Abstract:
ABSTRACT
The mobile technology being one of the fastest growing industrial sectors ever, mobile devices use is a phenomenon that has crossed all age and gender boundaries globally. Mobile applications have blossomed in popularity and ubiquity, with each generation, the multitude and diversity of applications continues to grow. Increasingly large number of the applications installed on smartphones tends to slow the application access efficiency. The results of a study carried out on elderly and mobile devices interactions indicates that users with declining abilities as a result of aging find it difficult to navigate the complex structure of the modern mobile devices interface.
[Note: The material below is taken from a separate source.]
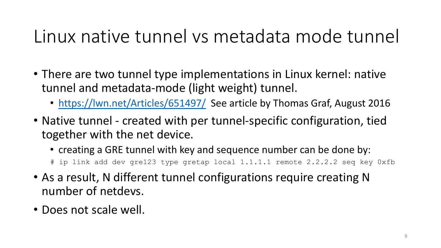 9 .Linux native tunnel vs metadata mode tunnel • There are two tunnel type implementations in Linux kernel: native tunnel and metadata-mode (light weight) tunnel. • https://lwn.net/Articles/651497/ See article by Thomas Graf, August 2016 • Native tunnel - created with per tunnel-specific configuration, tied together with the net device. • creating a GRE tunnel with key and sequence number can be done by: # ip link add dev gre123 type gretap local 1.1.1.1 remote 2.2.2.2 seq key 0xfb • As a result, N different tunnel configurations require creating N number of netdevs. • Does not scale well. 9

Support that can improve daily application interaction experience is poised to be widely beneficial. This research has realized an intelligent application predictor, which predicts the applications that are most likely to be accessed by the user; prediction is based on Naïve Bayesian model leveraging the application accessed properties such as frequency of access, time of access, the health and economic benefit of the application. An evaluation study involving six elderly users was carried out where the predictor was installed in their mobile devices for six weeks,a survey based on three aspects: interface presentation, navigation experience and overall satisfaction. All respondents rated application predictor high in aiding users and saving them on memory trying to recall applications, the users reported increase in efficiency when using the predictor compared to the interaction with the standard user interface (UI).